Everything from the line containing "sig. HARRY - původní" down to the last line below should be set down exactly, and only that, without the pictures.

# [DATASET CONTENT]
——

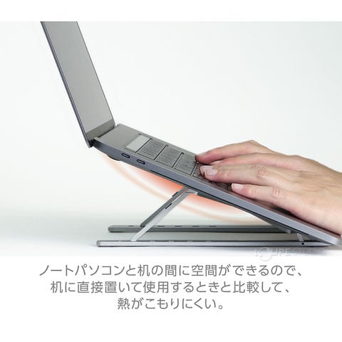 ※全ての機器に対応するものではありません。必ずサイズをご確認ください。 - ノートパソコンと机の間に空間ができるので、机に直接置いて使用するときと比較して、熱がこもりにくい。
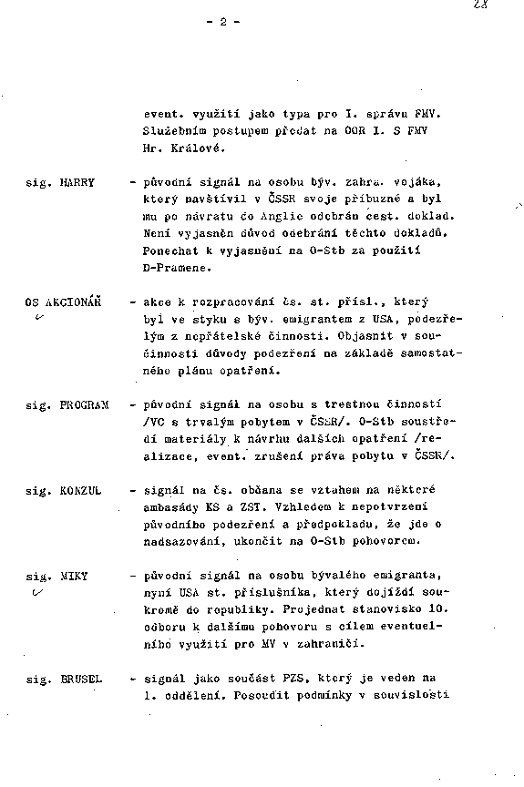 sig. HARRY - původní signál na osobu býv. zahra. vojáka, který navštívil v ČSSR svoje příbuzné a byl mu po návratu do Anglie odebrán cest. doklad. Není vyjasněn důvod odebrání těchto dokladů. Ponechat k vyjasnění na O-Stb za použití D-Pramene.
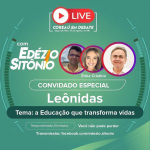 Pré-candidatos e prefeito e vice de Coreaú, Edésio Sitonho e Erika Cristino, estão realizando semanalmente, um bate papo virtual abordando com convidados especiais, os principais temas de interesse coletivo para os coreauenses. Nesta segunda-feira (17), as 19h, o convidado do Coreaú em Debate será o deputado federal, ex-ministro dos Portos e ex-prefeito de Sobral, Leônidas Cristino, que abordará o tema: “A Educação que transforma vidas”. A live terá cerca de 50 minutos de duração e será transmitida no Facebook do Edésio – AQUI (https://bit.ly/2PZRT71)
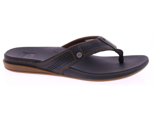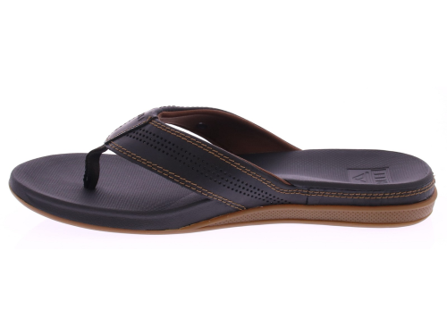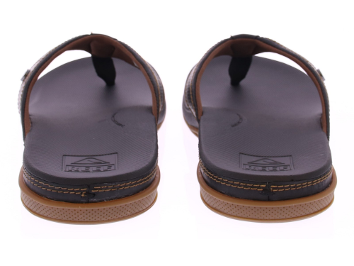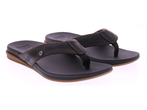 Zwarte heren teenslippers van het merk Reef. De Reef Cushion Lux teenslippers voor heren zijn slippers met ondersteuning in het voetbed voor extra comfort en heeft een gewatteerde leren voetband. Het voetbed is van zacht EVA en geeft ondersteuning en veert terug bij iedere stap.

——

# [TASK RESPONSE]
 sig. HARRY - původní signál na osobu býv. zahra. vojáka, který navštívil v ČSSR svoje příbuzné a byl mu po návratu do Anglie odebrán cest. doklad. Není vyjasněn důvod odebrání těchto dokladů. Ponechat k vyjasnění na O-Stb za použití D-Pramene.
 Pré-candidatos e prefeito e vice de Coreaú, Edésio Sitonho e Erika Cristino, estão realizando semanalmente, um bate papo virtual abordando com convidados especiais, os principais temas de interesse coletivo para os coreauenses. Nesta segunda-feira (17), as 19h, o convidado do Coreaú em Debate será o deputado federal, ex-ministro dos Portos e ex-prefeito de Sobral, Leônidas Cristino, que abordará o tema: “A Educação que transforma vidas”. A live terá cerca de 50 minutos de duração e será transmitida no Facebook do Edésio – AQUI (https://bit.ly/2PZRT71)
 Zwarte heren teenslippers van het merk Reef. De Reef Cushion Lux teenslippers voor heren zijn slippers met ondersteuning in het voetbed voor extra comfort en heeft een gewatteerde leren voetband. Het voetbed is van zacht EVA en geeft ondersteuning en veert terug bij iedere stap.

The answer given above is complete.